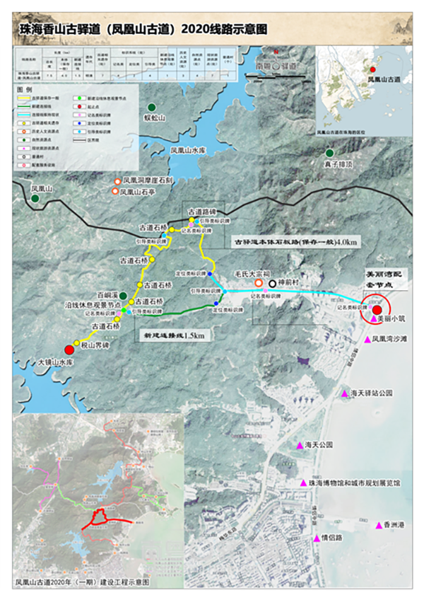 2020年4月印發(fā)的《珠海市2020年度古驛道工作方案》中明確提出,香洲區(qū)、高新區(qū)要開展5公里鳳凰山古道本體修復及8.5公里鳳凰山古道連接線建設,萬山區(qū)應開展東澳海關古道遺跡保護利用提升工程,還原古道本體風貌,加強遺址保護展示。
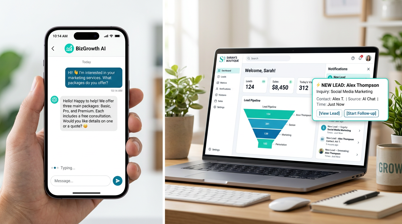 Featured image concept: Clean split-screen — left shows a phone screen with a friendly AI chat conversation in progress (question about services, instant helpful reply), right shows a small business dashboard with a new lead notification. Bright, modern design with subtle brand colours.
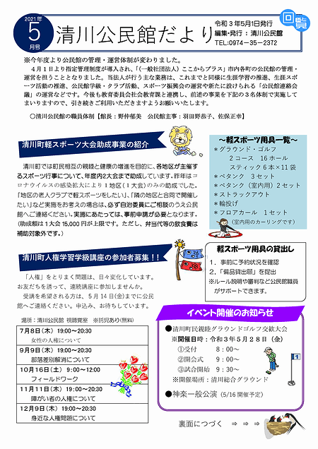清川公民館の公民館だよりのページへ「清川公民館だより2021年5月号」を掲載いたしました。ぜひご覧ください。

WORK ITEM:
Set the listing down exactly, without its pictures.

EXERCISE SOLUTION:
 2020年4月印發(fā)的《珠海市2020年度古驛道工作方案》中明確提出,香洲區(qū)、高新區(qū)要開展5公里鳳凰山古道本體修復及8.5公里鳳凰山古道連接線建設,萬山區(qū)應開展東澳海關古道遺跡保護利用提升工程,還原古道本體風貌,加強遺址保護展示。
 Featured image concept: Clean split-screen — left shows a phone screen with a friendly AI chat conversation in progress (question about services, instant helpful reply), right shows a small business dashboard with a new lead notification. Bright, modern design with subtle brand colours.
清川公民館の公民館だよりのページへ「清川公民館だより2021年5月号」を掲載いたしました。ぜひご覧ください。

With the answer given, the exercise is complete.